- Episode no.: Season 4 Episode 23
- Written by: Corey Powell; Meghan McCarthy;
- Original air date: April 26, 2014
- Running time: 22 minutes

Episode chronology
| ← Previous "Trade Ya!" | Next → "Equestria Games" |
- My Little Pony: Friendship Is Magic season 4

= Inspiration Manifestation =

"Inspiration Manifestation" is the twenty-third episode of the fourth season of the animated television series My Little Pony: Friendship Is Magic. The episode was written by Corey Powell and Meghan McCarthy. It originally aired on The Hub on April 26, 2014. In this episode, Spike finds a magical spell book that gives Rarity the power to manifest her creative visions.

== Plot ==

Rarity creates an elaborate puppet theater for the Foal and Filly Fair but faces harsh criticism from Claude, the demanding puppeteer who calls her work "awful". Devastated, Rarity retreats to her boutique and spirals into depression. Determined to help restore Rarity's creative confidence, Spike travels to the Castle of the Two Sisters with Owlowiscious to search for a magical solution.

Spike discovers a hidden chamber behind a bookshelf containing a menacing stone spell book covered in spikes, which contains the "Inspiration Manifestation" spell that "instantly brings ideas to life." He brings the book to Rarity, who casts the spell and immediately transforms her magic aura to green while gaining the power to manifest any creative thought into reality. She successfully redesigns Claude's puppet theater to his satisfaction, earning his approval and making the fair a success. Spike suggests returning the book, but Rarity convinces him to let her keep it longer.

Rarity becomes obsessed with using the spell to "beautify" all of Ponyville according to her artistic vision, working through the night to create mountains of dresses and beginning a campaign of unwanted improvements throughout town.

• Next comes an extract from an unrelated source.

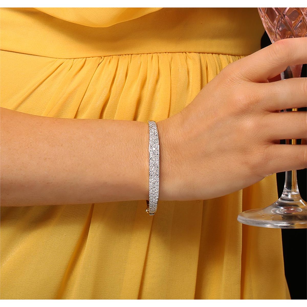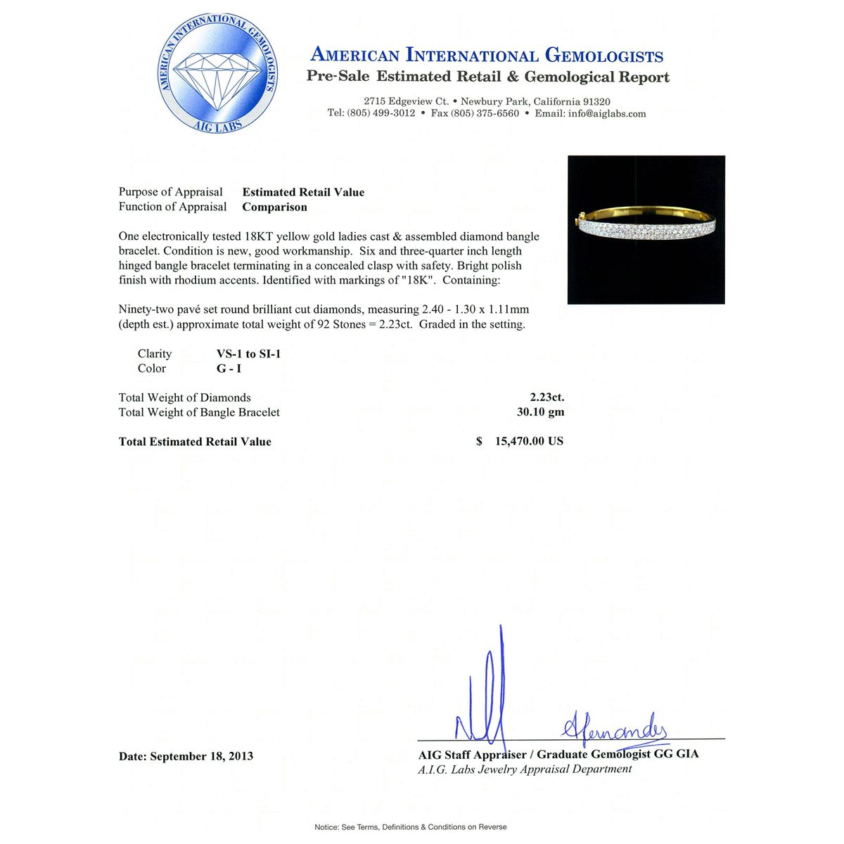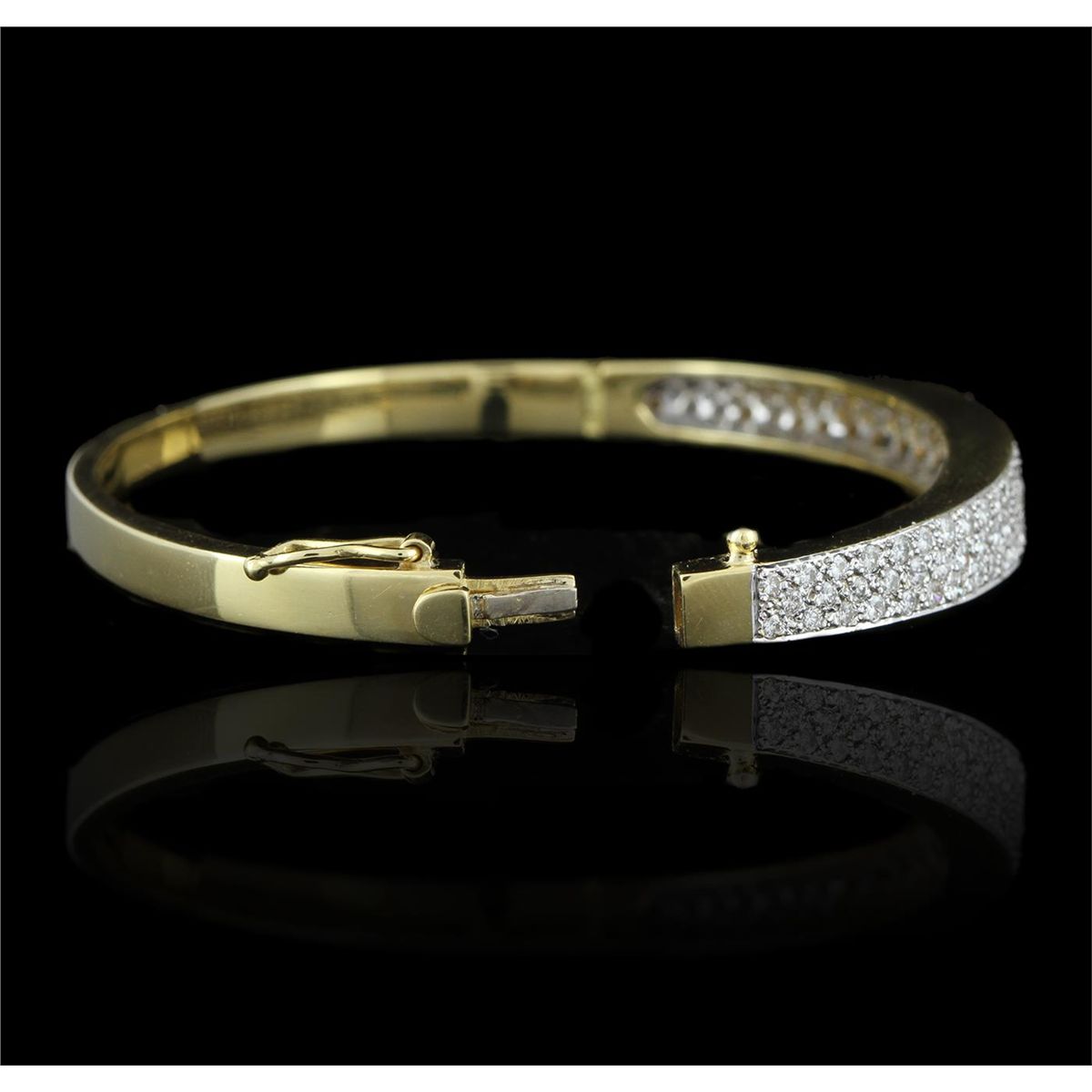 One electronically tested 18KT yellow gold ladies cast & assembled diamond bangle bracelet. Condition is new, good workmanship. Six and three-quarter inch length hinged bangle bracelet terminating in a concealed clasp with safety. Bright polish finish with rhodium accents. Identified with markings of "18K". Containing: Ninety-two pave set round brilliant cut diamonds, measuring 2.40 - 1.30 x 1.11mm (depth est.) approximate total weight of 92 Stones = 2.23ct. Graded in the setting. Clarity VS-1 to SI-1. Color G - I. Total Weight of Diamonds 2.23ct. Total Weight of Bangle Bracelet 30.10gm. AIG Appraised at $15,470.00.

She transforms Applejack's simple apple cart into an impractical jeweled contraption, gives Rainbow Dash a cumbersome dress that interferes with her cloud-busting work, turns Fluttershy's bird house into a mansion that confuses its occupants, and replaces a foal's birthday party entertainment with "high class" alternative that displease everyone involved.

Seeing how the ponies are displeased by Rarity's changes, Spike attempts to steal the spell book back, but Rarity catches him and he swallows it to prevent her from retrieving it, only to discover that the spell continues working without the book. Rarity plans to spread her "creative genius" across all of Equestria. Finally, Spike musters the courage to tell Rarity that her changes are awful. His honest confession breaks the spell's hold as the incantation specified that "only when true words are spoken will you be set free." Rarity gives Spike a hug after telling him that he should never be afraid to tell her the truth.

At the Golden Oak Library, Twilight collapses onto her bed in exhaustion, after having cleaned up Rarity's mess. She scolds Spike for taking a book from the castle without permission. Being honest, Spike tells her "You don't look so good," which angers her.

== Development ==
In June 2013, writer Meghan McCarthy tweeted: "Rarity? Check. Spike? Check. Ridiculous early '90s pop culture reference? Check. #MLPSeason4". In a live interview on "Hub Network's What's the Hubbub?" with Tara Strong, McCarthy confirmed that she was referring to a nod to the 90's sitcom Saved By the Bell.

== Reception ==
Sherilyn Connelly, the author of Ponyville Confidential, gave the episode a "D" rating and used it as an example of an episode that did not feature adventure elements as a rebuttal to the notion that "nearly all" episodes are adventure stories.

In a critical analysis of the episode, author Jen A. Blue described "Inspiration Manifestation" as "surprisingly solid for a Spike episode" that is readable in multiple ways, starting with the surface reading about Spike learning that honest criticism is an important part of friendship. Blue explored an alternative reading of Spike's behavior as enabling, comparing Rarity's attachment to the magic to drug addiction and noting that Rarity's line "I'm so excited! I'm so excited!" could reference the infamous Saved by the Bell episode about caffeine pill addiction ("Jessie's Song"). Blue offered a third reading connecting the episode to the Tree of Life and wrote that the spell represents dark magic that circumvents the proper creative process by passing "directly from spark to matter" and positioning Spike as a serpentine figure tempting a woman away from the Tree of Life. Blue concluded that Spike's role parallels the biblical serpent but ultimately serves to restore Rarity through honest criticism and wrote that perfect interpersonal harmony is neither possible nor desirable: "the Tree of Harmony needs a little Discord."

Daniel Alvarez of Unleash The Fanboy gave the episode a rating of 7.5 out of 10 and called it "a solid episode" that was "much better than the previous episode, 'Trade Ya!'" He praised Spike's role and the background music but criticized the anti-climactic ending and felt the mysterious book was left unexplained.